Balanced on the Biggest Wave
- 10 hours ago
- 2 min read

We often use scales as a symbol for balance, at least in Western cultures, but scales only work when the ground beneath them is stable. They assume stillness and a fixed frame of reference in a world where equilibrium means equal forces settling into rest.
That has never felt like the right metaphor to me. Most living and/or complex systems don’t survive through stillness. They survive through adjustment.
Balance in motion feels less like a set of scales and more like someone walking along a narrow fence rail while the wind shifts around them. Stability emerging from movement, tiny corrections and continuous feedback, rather than the absence of it.
That feels much closer to how healthy systems actually work. We often talk about optimization as if it is the ultimate goal. More efficiency. More output. Less waste. Tighter control. The assumption is usually that the closer a system gets to perfect optimization, the better it becomes.
But systems optimized too aggressively often become fragile. They lose the slack and flexibility that are necessary to absorb disruption. Eventually the environment changes in a way the system was never designed to handle, and what once looked efficient begins to look brittle.

Too little structure creates chaos. Too much structure creates rigidity.
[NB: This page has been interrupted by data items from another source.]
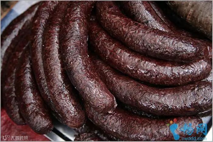 猪血肠摩梭语哈布,制作方法是在半熟的米饭中,配之猪血、韭菜根、葱、姜、蒜、盐、黄果皮粉、香料、陈板油后,填入猪大肠内,卷成圈,然后放入蒸笼蒸熟。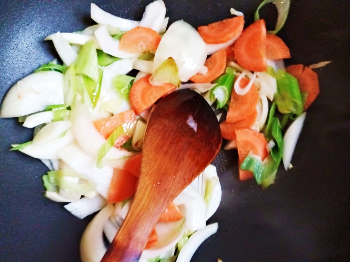 양파가 아삭해질 정도로 익으면 당근을 넣어 볶아줍니다.
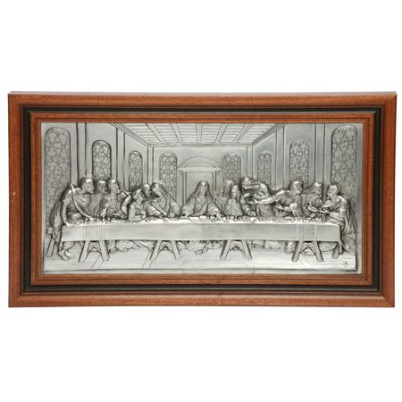 Описание: Картина, изобразяваща творбата „Тайната вечеря“ от Леонардо да Винчи. Картината е изящно изработена върху сребърен лист проба 925 с ъс солидна дървена рамка. Предлага в бяла картонена кутия Произведен в Португалия от „Freitas & Dores“. Размери: 60 * 40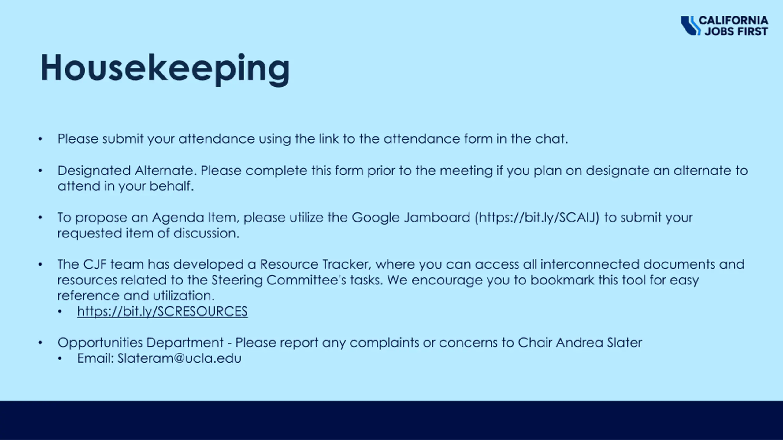 Housekeeping Please submit your attendance using the link to the attendance form in the chat. Designated Alternate. Please complete this form prior to the meeting if you plan on designate an alternate to attend in your behalf. To propose an Agenda Item, please utilize the Google Jamboard (https://bit.ly/SCAIJ) to submit your requested item of discussion. The CJF team has developed a Resource Tracker, where you can access all interconnected documents and resources related to the Steering Committee's tasks. We encourage you to bookmark this tool for easy reference and utilization. https://bit.ly/SCRESOURCES Opportunities Department - Please report any complaints or concerns to Chair Andrea Slater Email: Slateram@ucla.edu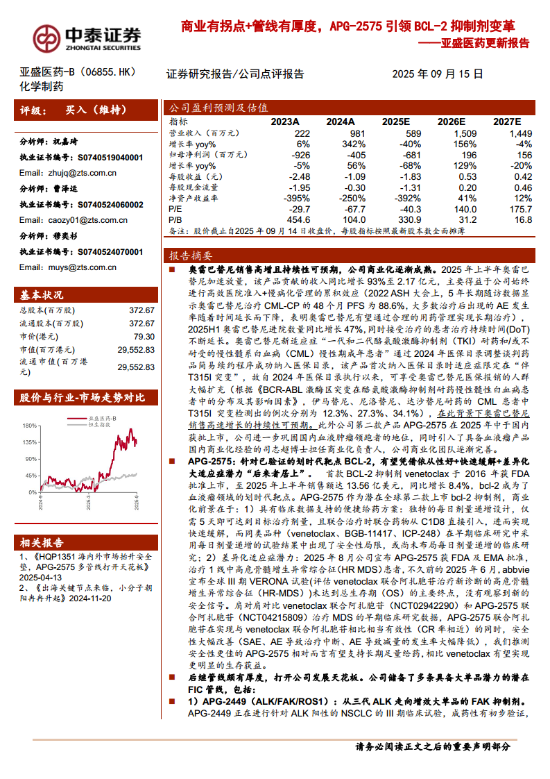 亚盛医药-B(06855):更新报告:商业有拐点+管线有厚度,APG2575引领BCL-2抑制剂变革
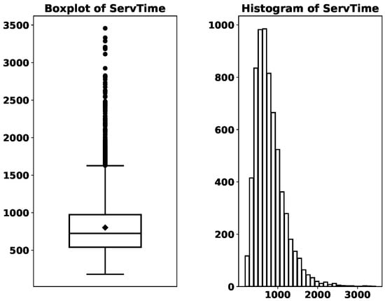 First, we identified 20 records with a derived service time longer than one hour ( seconds). Most of them are the last consultation in the half-day sessions. The clinic’s manager explains that the last patient will occasionally make the payment later because the front desk leaves for lunch. Therefore, without a follow-up patient’s starting time, a possibly delayed payment leads to a very large ServTime. In addition, 167 ServTime’s are less than three minutes. These short consultations may result from occasional abnormalities, such as the physician accidentally clicking a wrong patient’s record or getting interrupted by another patient. We dealt with the abnormalities following the advice of the clinic’s manager, i.e., service times larger than 60 min or less than 3 min were considered outliers. There are 187 records identified. Filtering out such outliers and the 28 missing values in ServTime, the remaining data have 6638 records left.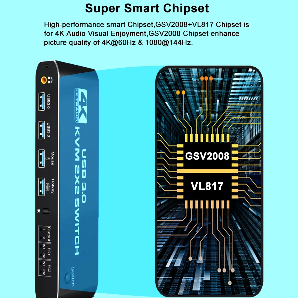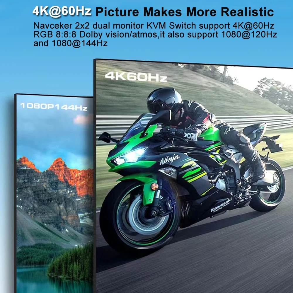 [Disfrute visual UHD 4K]:El conmutador KVM admite HDMI 2,0 y HDCP 2,2 estándar. Soporta una resolución máxima de hasta 4K @ 60Hz,1080 @ 144Hz, también admite una resolución de 1080P @ 120Hz o inferior, hace que la visualización de las imágenes sea más exquisita y realista.

Healthy systems seem to exist somewhere in between; not in perfect balance, but in continuous adjustment.
A mind that updates too slowly becomes rigid. It clings to old models even as reality changes around it. But a mind that updates too quickly becomes unstable where every new signal overwhelms the previous one. Learning requires enough stability to retain structure and enough plasticity to revise it.
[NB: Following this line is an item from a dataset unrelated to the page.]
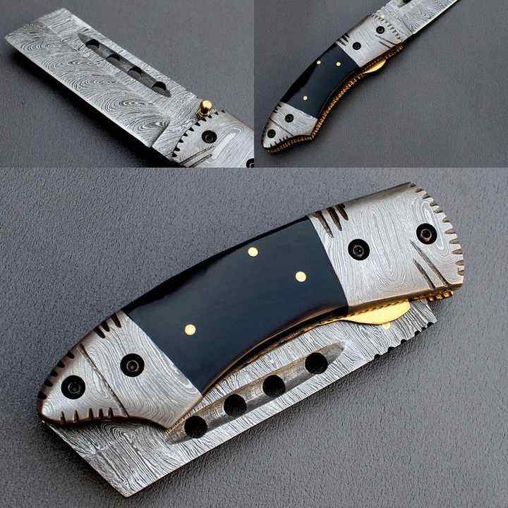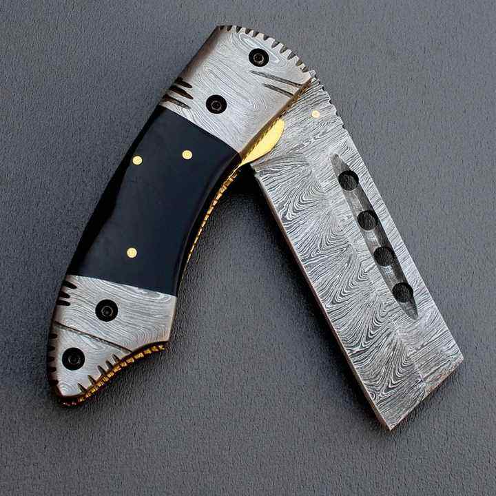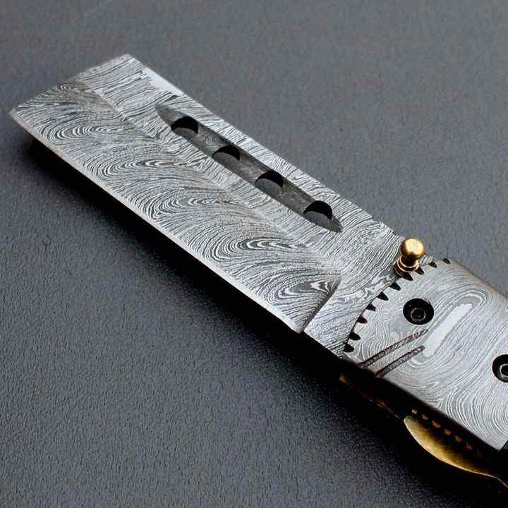 มีดพับเหล็กดามัสกัสทำด้วยมือมีดสำหรับตั้งแคมป์

Something similar appears in predictive processing theories of cognition. The brain maintains models of the world while continuously updating them through prediction errors. Too much rigidity and the model stops adapting. Too much plasticity and the system loses coherence.
Evolution works this way too. Species that become highly specialized can thrive for long periods in stable environments, but specialization narrows the range of conditions they can survive. The traits that once made them successful can become liabilities when the landscape changes.
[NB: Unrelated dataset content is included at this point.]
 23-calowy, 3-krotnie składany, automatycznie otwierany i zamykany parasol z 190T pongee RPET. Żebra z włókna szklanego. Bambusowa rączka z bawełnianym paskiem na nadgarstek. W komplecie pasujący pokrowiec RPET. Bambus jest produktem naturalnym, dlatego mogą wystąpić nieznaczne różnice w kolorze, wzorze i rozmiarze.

Organizations drift into similar traps. A company with no structure dissolves into confusion, but a company optimized entirely around efficiency, quarterly metrics, or standardized procedure can become incapable of responding to novelty. The irony is that many systems collapse not because they lacked optimization, but because they had too much of the wrong kind.
Modern culture often treats constant optimization as virtue. Maximum productivity. Maximum efficiency. Maximum utilization.
But systems without slack lose adaptability, and adaptability is what allows systems to survive changing environments.
A healthy system is responsive. Like someone balancing on a fence while the storm rolls in—never perfectly still, always adjusting.